With capacity tightness far exceeding expectations, many companies' profit forecasts remain stuck on old data. Once the market realizes how tight the reality is, the stock prices and profits of related chip companies are expected to rise sharply, bringing obvious investment opportunities.


04


Bet on memory leaders and lay out server ecology

对半导体股投资者:

SK hynix: 2026-2027 EPS forecast raised by 24%/32%, target price of 1.3 million won (+43% space); Samsung Electronics: The target price rose to 251,000 won, maintaining "overweight"; Micron (MU): Although not highlighted in the report, the global DRAM giants have benefited simultaneously; Domestic substitution concerns: If Changxin Storage, GigaDevice Innovation, etc. can cut into the server supply chain, the elasticity is huge.

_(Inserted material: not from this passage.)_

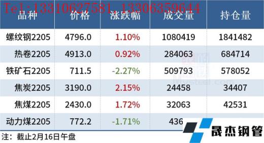 免責聲明:本網站(山東聊城晟杰無縫鋼管廠www.nfboat.cn)刊載的“2022年02月16日午報:鋼價局部反彈,鋼材_無縫鋼管和焦炭期貨上漲”等均源于網絡,版權歸原作者所有,且僅代表原作者觀點,本文所載信息僅供參考。轉載僅為學習與交流之目的,如無意中侵犯您的合法權益,請及時聯系刪除。本網站刊登此篇文章并不意味著本站贊同其觀點或證實其內容的真實性,我們不對其科學性、嚴肅性等作任何形式的保證。如果侵犯了您的版權,請盡快聯系我們予以撤銷,謝謝合作!

Mapping of the science and technology industry chain:

High-core CPU manufacturers: AMD (EPYC accounts for more than 40%), Intel (demand for Sapphire Rapids surges); Server OEMs: Inspur, Ningchang, and Supermicro orders are expected to explode; Rising cost pressure on cloud vendors: Alibaba Cloud, Tencent Cloud, and AWS may accelerate price increases to pass on costs.


Risk warning:

If the popularity of AI agents is slower than expected, memory demand may fall in stages; The expansion cycle of memory chips is about 12-18 months, and if production capacity is released in 2027, it may trigger a price correction.